# clear creek patterns/reports?



## WINative (Sep 15, 2004)

Hi all,

I'm planning to spend the weekend near Clear Creek, and maybe do some fishing if weather permits. I'm a beginning fly angler (I C&R), so I can use any tips regarding productive patterns or fishing reports. I plan to target brown trout and smallmouth bass.

Thanks,
JM


----------



## stonefly71 (Apr 14, 2004)

Are you going to Clear Creel down by Lancaster or did you meen Clear Fork / Mohician(sp)? Clear Creek down by lancaster is up some and off color talked with 2 bait guys there today who was using corn and caught one small one before I left. I stoped for a few and tried a Streamer and a nymph but didn't get anything but then again wasn't really trying as it was just nice to get out for once. Wanted to see what the last Flood had done down here. Is the water is still pretty high they cannot get one of the small damns cleared out so the water will flow better and it's rolling over the top of the cement bridge at the park office where the old barn is. If your talking Clear Fork I heard the park was up alot but you might beable to fish it the upper is off color and up fokes have done good though with large Nymphs and streamer.They said there was some dry action up on the Mad in the past week with midges. Which I'd say if the sun was out and the water cleared up on the fork it could be the same. But they are calling for cold temps this weekend and it's going to rain/snow in the next few days also. If you go please post report of how you do. If you need more Info goto www.madriveroutfitters.com and goto fishing reports one the main page. There has been talk of some steelheads being caught up your way with the rivers opening up some check it out on the link I gave you for more info on it. Later and Good luck Matt P.S. Be extra careful with the high water as the ground is pretty soft with it thoughing out with the warm temps some places can be like quicksand.


----------



## WINative (Sep 15, 2004)

Hi,

Thanks for the info. I'm staying near the Clear Creek in between Lancaster and Logan. I'm not expecting the greatest conditions due to the rain/snow and cold weather, but the GF and I need to get out of Cleveland for a couple of days! I'll definitely post a report if we're able to do a little fishing. At the very least I'll let you know how the water looks.

Is there a bait shop in the area? I might try my luck with the ultra-lite if I don't have any luck with the fly rod.

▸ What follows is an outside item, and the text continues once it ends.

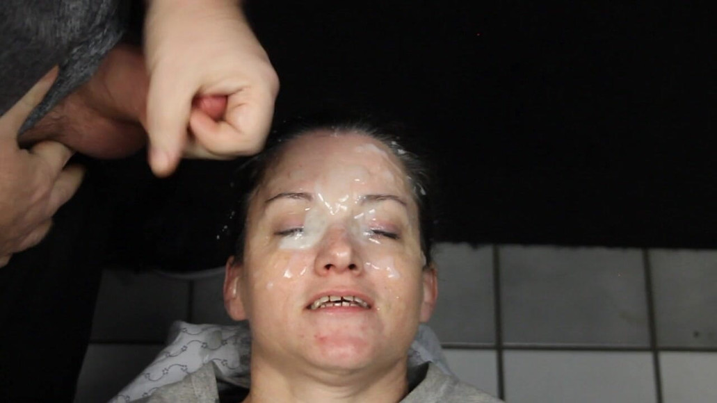 Je vzadu a její obličej je pokryt velkým množstvím ořechů

As for the steelhead fishing on the NE tribs, things are looking better. I checked out the Rocky the other day, but didn't have a chance to fish. The Rocky is almost completely free of ice, but the water is still cold. I talked to a couple of people at two different spots, each of whom told me they caught a couple of steelies early in the day. I haven't checked out the other tribs lately, but it looks like the Grand is running quite high.

Thanks,
JM


----------



## stonefly71 (Apr 14, 2004)

There is one in Lancaster just down the street from my house. It's called J & R's bait it's on Ceader (sp)?Hill rd also called 188 just off Pierce ave. There is also one down at Lake Logan called Downs Bait and Tackle it's just off 664 on lake logan Rd. It's going to be real cold this weekend from the weather report just given on T.V. this morn. Also in Lancaster there is Ohio Valley trading post that selles some bait and stuff but mainly a hunting type store if you need anything else e-mail me and I'll give you my cell number. Later Matt I didn't take a water tempo while I was at CC tuesday but it was pretty cold when I was checking for Buggs as the Black stones will be comming out in force real soon down there.Later


----------



## steelheader007 (Apr 8, 2004)

330-958-1350 !


----------



## WINative (Sep 15, 2004)

Thanks for the info, Matt. I'll probably try my luck Saturday late morning, early afternoon when the temps come up slightly. If anything, I'll get a chance to spend some time practicing casting and mending on the water. The forecast doesn't look too good, but what the heck.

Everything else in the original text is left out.